■ **Task goal**: Skip the pictures. Output only the lines below starting at the line with "扈庆学向受聘的硕士生导师表示" and ending at the line with "产品智铠 MR-V50 完成产品兼容性测试,同时产品性能赶超主流推理产品。", both ends included, exactly as they are.

■ **Data in this exercise**:
-- Opening Marker --

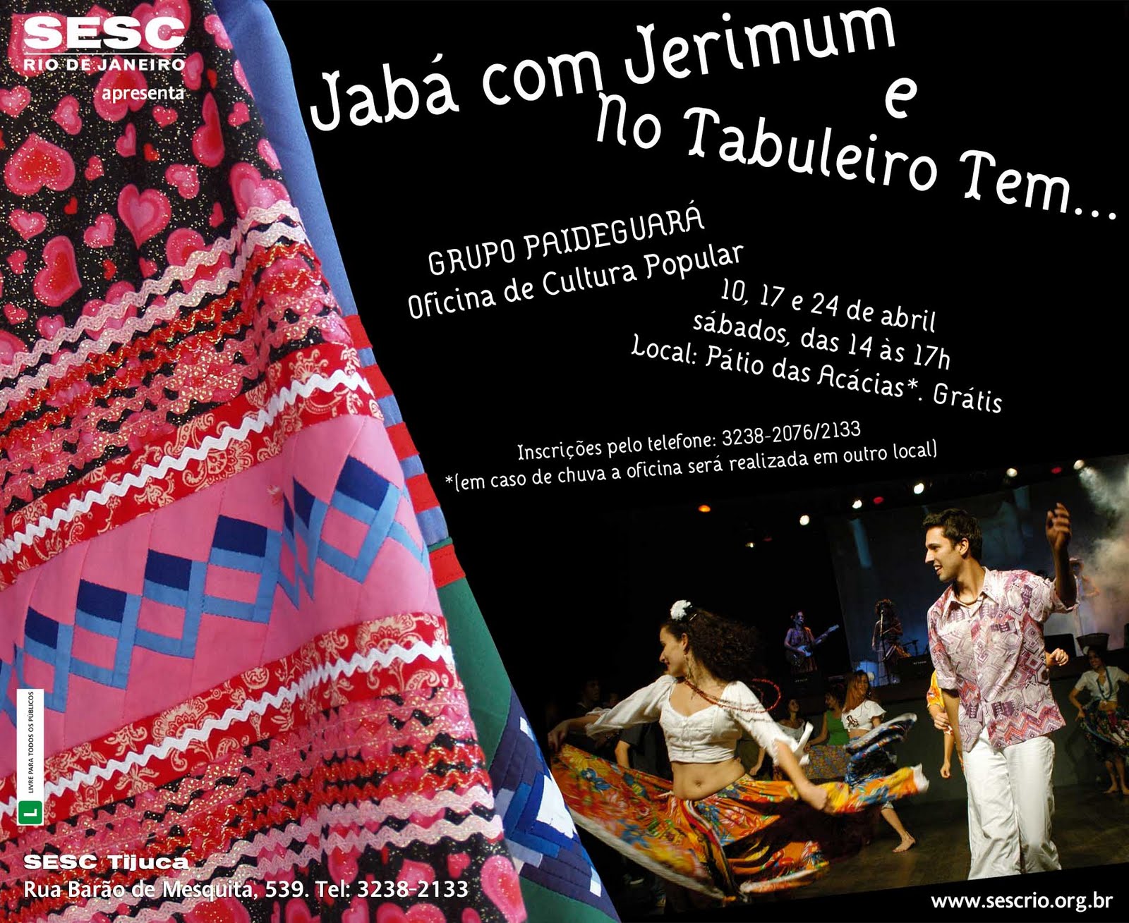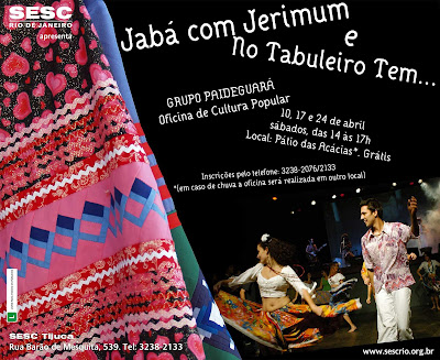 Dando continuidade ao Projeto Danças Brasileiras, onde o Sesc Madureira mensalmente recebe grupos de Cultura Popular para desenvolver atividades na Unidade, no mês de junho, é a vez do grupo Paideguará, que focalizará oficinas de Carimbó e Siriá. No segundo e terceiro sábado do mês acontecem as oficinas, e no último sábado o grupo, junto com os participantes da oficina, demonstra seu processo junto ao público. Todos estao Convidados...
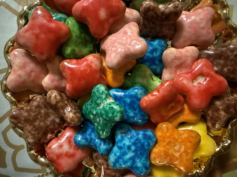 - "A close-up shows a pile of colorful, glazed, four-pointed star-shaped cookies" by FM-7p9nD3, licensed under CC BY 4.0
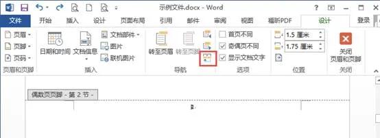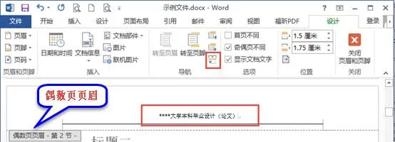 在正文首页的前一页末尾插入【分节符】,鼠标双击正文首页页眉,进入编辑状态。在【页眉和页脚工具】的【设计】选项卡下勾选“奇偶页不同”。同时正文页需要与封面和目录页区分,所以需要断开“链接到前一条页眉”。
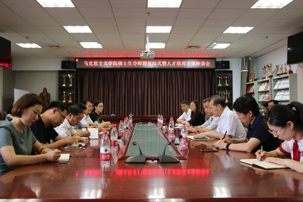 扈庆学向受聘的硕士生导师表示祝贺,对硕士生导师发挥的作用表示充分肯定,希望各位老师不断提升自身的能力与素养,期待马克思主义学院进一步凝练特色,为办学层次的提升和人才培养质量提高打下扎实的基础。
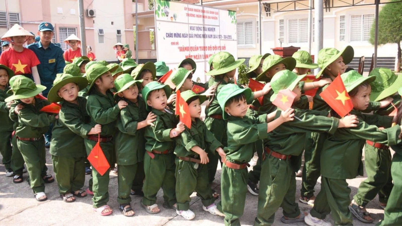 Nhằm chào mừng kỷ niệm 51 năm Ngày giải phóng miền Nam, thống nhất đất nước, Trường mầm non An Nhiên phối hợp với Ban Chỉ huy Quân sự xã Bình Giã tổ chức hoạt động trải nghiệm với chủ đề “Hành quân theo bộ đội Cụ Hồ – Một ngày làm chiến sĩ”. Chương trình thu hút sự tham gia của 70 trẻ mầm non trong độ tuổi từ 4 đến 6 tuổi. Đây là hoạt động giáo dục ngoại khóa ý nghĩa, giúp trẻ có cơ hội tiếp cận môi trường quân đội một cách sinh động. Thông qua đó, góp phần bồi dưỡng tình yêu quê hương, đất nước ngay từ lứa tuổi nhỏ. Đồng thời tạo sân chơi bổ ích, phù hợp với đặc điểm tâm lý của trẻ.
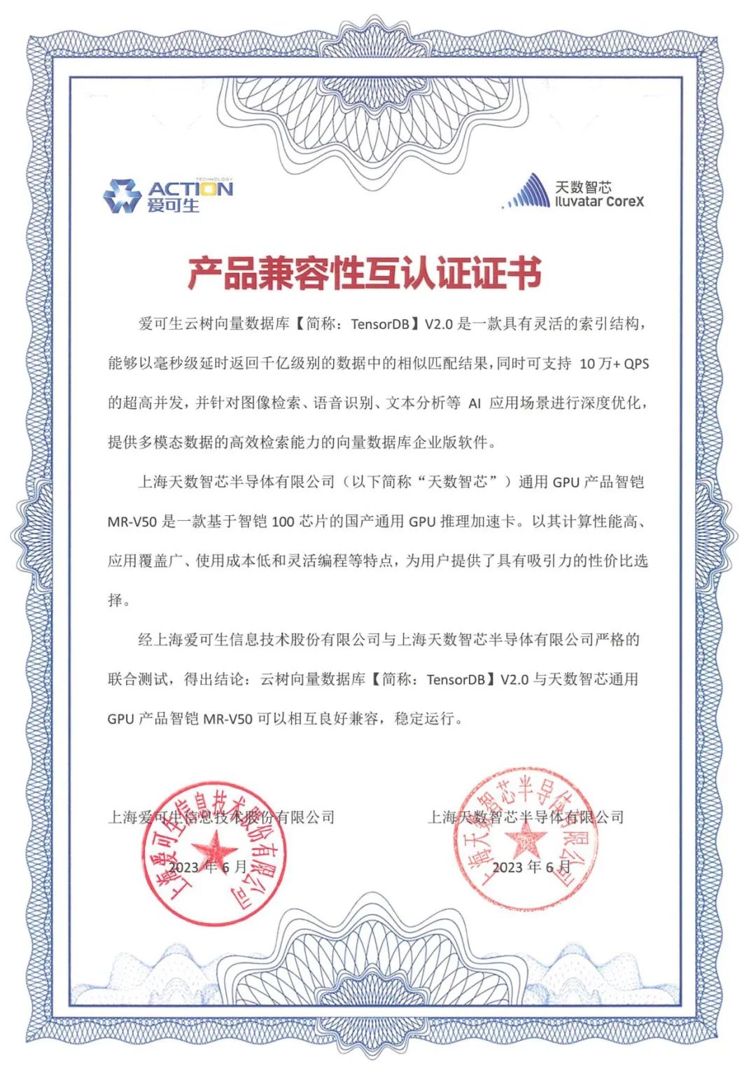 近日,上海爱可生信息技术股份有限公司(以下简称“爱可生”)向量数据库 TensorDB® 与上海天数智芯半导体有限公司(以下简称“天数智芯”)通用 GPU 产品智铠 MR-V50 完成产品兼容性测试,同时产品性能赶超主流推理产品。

-- Closing Marker --
-- Opening Marker --

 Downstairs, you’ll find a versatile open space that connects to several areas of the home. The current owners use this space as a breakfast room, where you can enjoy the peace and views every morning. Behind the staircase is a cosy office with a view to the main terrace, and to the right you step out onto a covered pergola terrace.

-- Closing Marker --
-- Opening Marker --

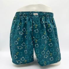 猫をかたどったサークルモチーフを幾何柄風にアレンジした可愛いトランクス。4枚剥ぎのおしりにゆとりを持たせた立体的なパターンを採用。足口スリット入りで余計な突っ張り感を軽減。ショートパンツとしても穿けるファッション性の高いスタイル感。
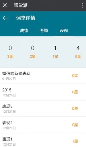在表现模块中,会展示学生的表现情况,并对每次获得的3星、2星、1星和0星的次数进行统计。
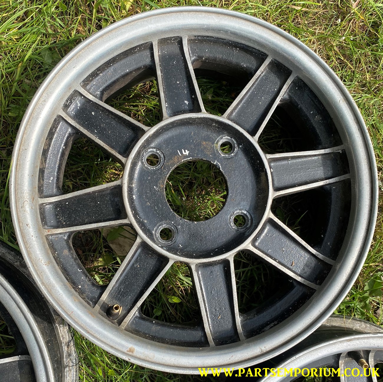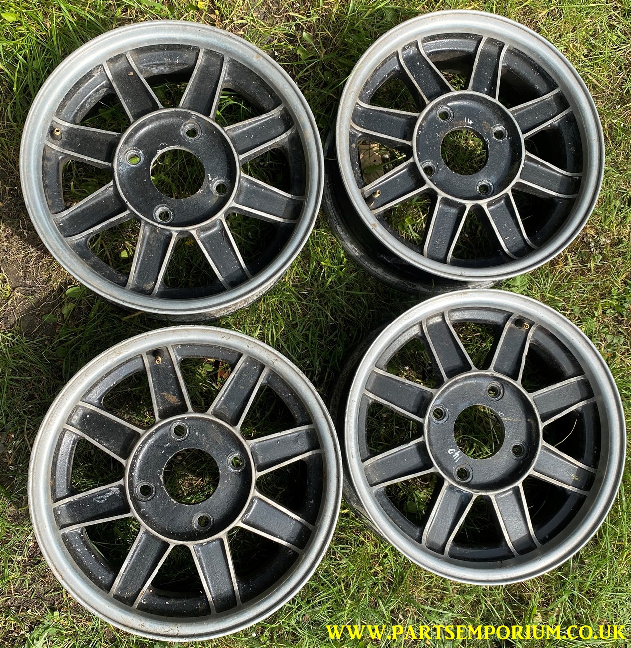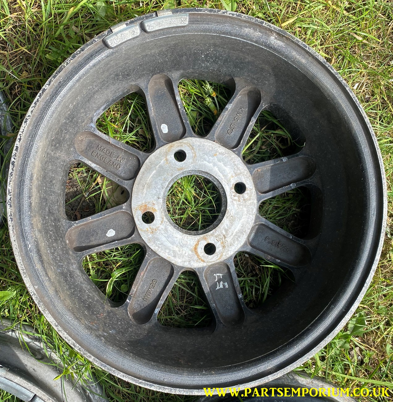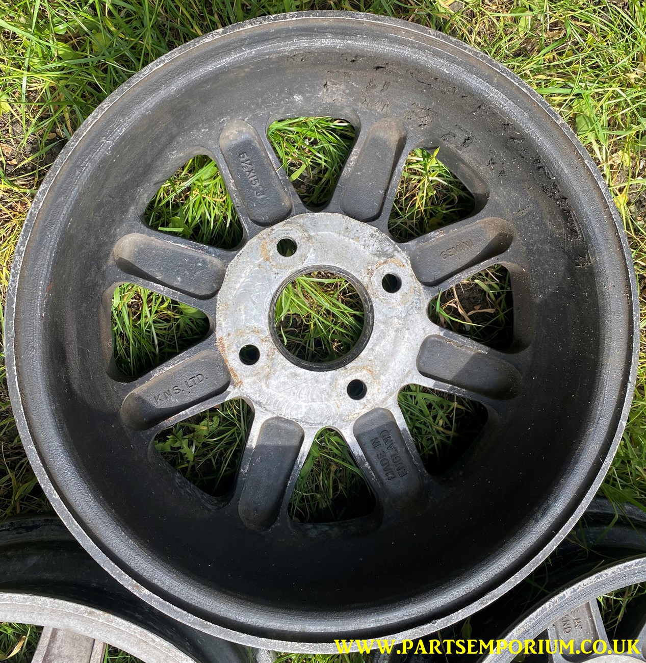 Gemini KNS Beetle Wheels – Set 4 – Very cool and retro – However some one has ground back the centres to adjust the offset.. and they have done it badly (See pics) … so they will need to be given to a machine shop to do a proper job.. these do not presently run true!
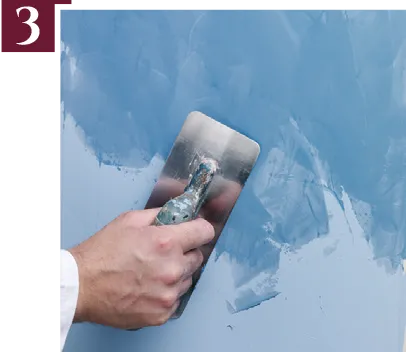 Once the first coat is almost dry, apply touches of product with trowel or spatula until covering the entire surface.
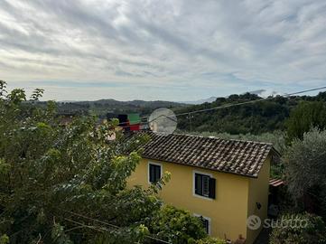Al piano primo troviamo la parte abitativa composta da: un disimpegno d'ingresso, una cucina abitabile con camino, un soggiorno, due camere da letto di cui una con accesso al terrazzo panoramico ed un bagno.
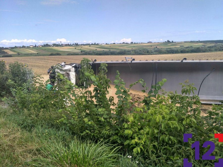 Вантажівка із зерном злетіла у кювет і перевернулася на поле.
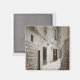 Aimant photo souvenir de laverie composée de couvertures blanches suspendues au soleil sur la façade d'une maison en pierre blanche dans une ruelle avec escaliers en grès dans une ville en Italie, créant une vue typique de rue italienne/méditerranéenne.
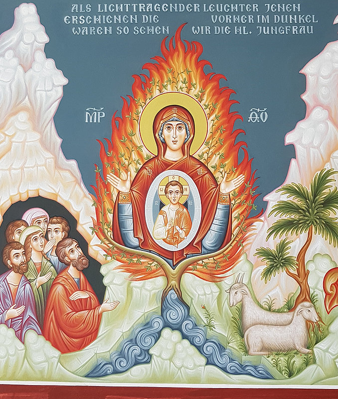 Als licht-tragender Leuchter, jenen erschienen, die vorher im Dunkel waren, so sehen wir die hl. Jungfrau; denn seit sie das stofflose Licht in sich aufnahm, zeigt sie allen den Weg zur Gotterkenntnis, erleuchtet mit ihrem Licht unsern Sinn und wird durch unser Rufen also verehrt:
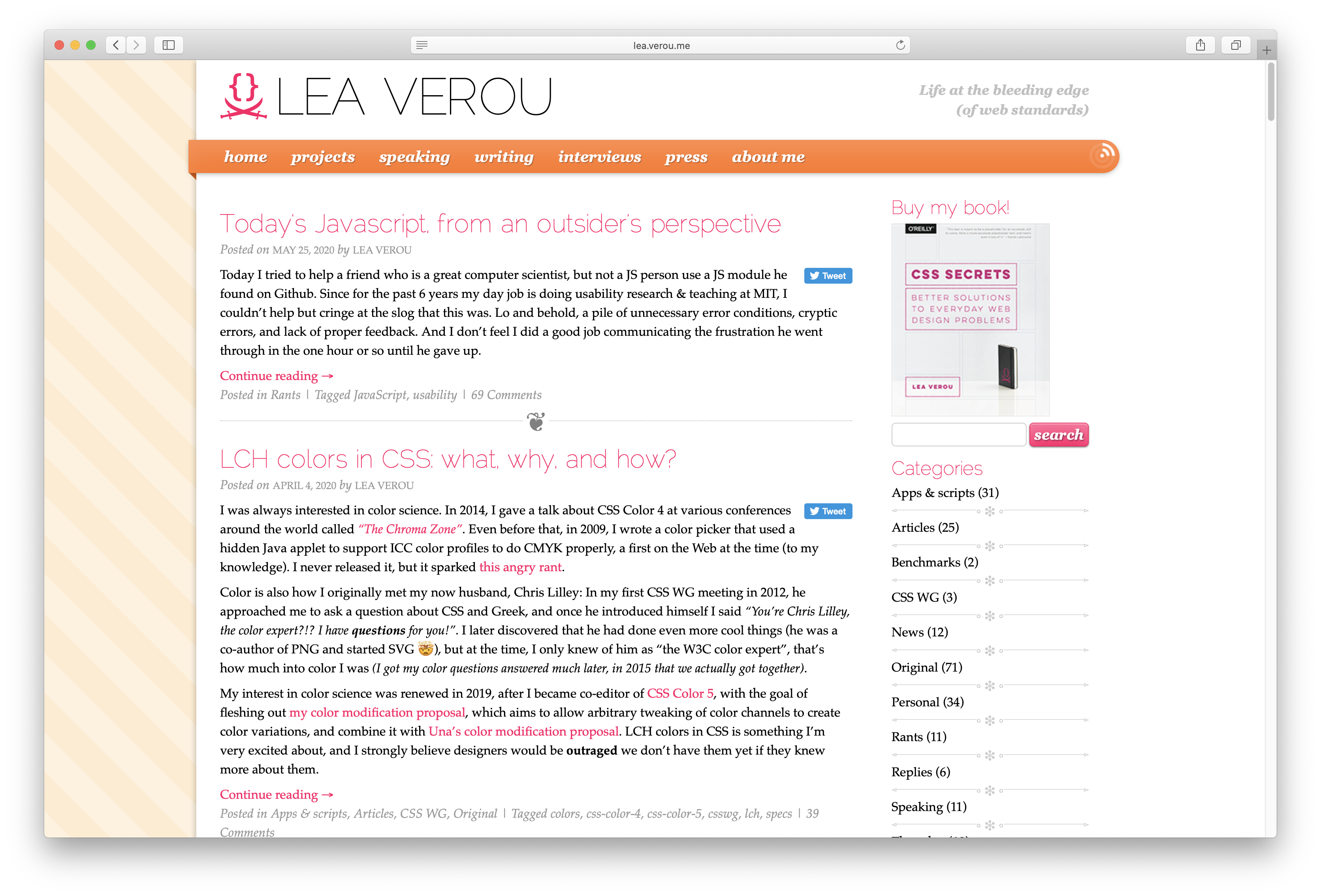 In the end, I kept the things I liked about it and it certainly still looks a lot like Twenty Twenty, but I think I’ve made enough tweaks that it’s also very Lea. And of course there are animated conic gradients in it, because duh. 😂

-- Closing Marker --

■ **Written solution**:
 扈庆学向受聘的硕士生导师表示祝贺,对硕士生导师发挥的作用表示充分肯定,希望各位老师不断提升自身的能力与素养,期待马克思主义学院进一步凝练特色,为办学层次的提升和人才培养质量提高打下扎实的基础。
 Nhằm chào mừng kỷ niệm 51 năm Ngày giải phóng miền Nam, thống nhất đất nước, Trường mầm non An Nhiên phối hợp với Ban Chỉ huy Quân sự xã Bình Giã tổ chức hoạt động trải nghiệm với chủ đề “Hành quân theo bộ đội Cụ Hồ – Một ngày làm chiến sĩ”. Chương trình thu hút sự tham gia của 70 trẻ mầm non trong độ tuổi từ 4 đến 6 tuổi. Đây là hoạt động giáo dục ngoại khóa ý nghĩa, giúp trẻ có cơ hội tiếp cận môi trường quân đội một cách sinh động. Thông qua đó, góp phần bồi dưỡng tình yêu quê hương, đất nước ngay từ lứa tuổi nhỏ. Đồng thời tạo sân chơi bổ ích, phù hợp với đặc điểm tâm lý của trẻ.
 近日,上海爱可生信息技术股份有限公司(以下简称“爱可生”)向量数据库 TensorDB® 与上海天数智芯半导体有限公司(以下简称“天数智芯”)通用 GPU 产品智铠 MR-V50 完成产品兼容性测试,同时产品性能赶超主流推理产品。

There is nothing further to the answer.